RECORDS FOR THE TASK:
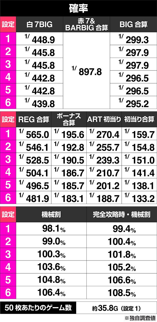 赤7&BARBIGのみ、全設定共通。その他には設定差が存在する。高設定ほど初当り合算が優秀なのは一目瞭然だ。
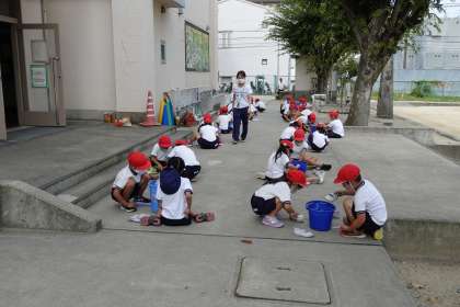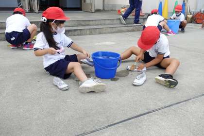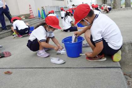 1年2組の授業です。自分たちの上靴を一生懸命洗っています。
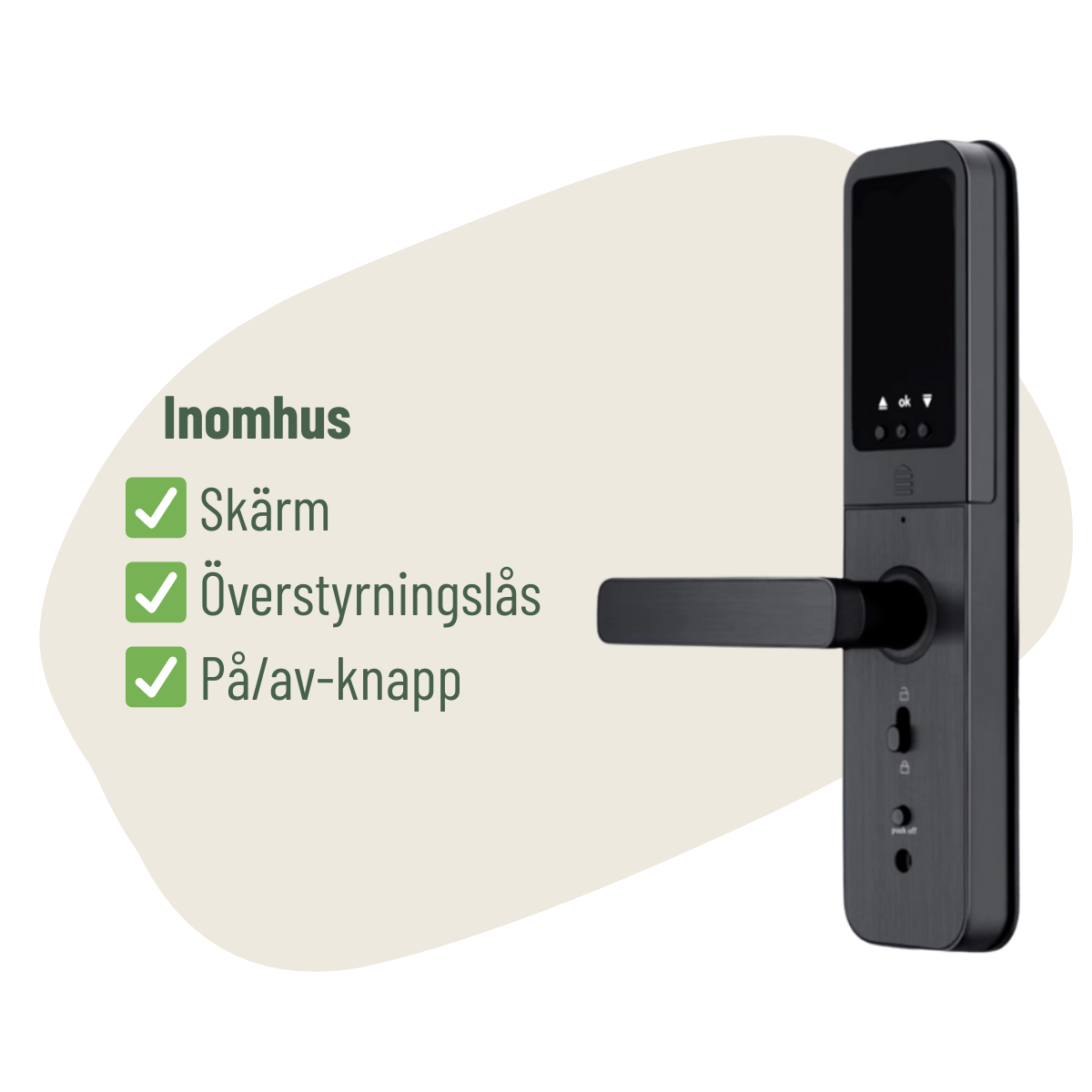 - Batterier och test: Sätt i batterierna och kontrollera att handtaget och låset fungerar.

* * *

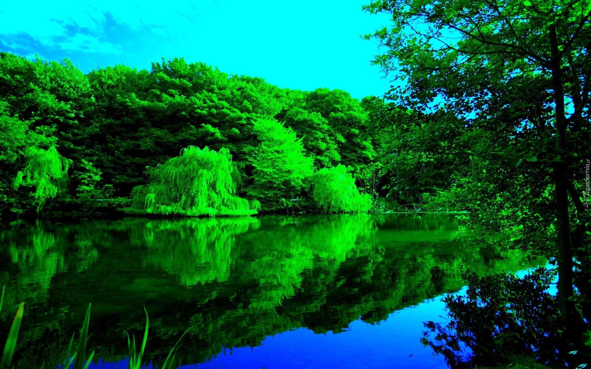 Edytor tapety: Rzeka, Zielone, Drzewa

YOUR ASSIGNMENT: In the material above, one part opens with the line containing "赤7&BARBIGのみ、全設" and closes with the line containing "- Batterier och". Write out that part exactly and skip its pictures.

ANSWER SPACE:
 赤7&BARBIGのみ、全設定共通。その他には設定差が存在する。高設定ほど初当り合算が優秀なのは一目瞭然だ。
 1年2組の授業です。自分たちの上靴を一生懸命洗っています。
 - Batterier och test: Sätt i batterierna och kontrollera att handtaget och låset fungerar.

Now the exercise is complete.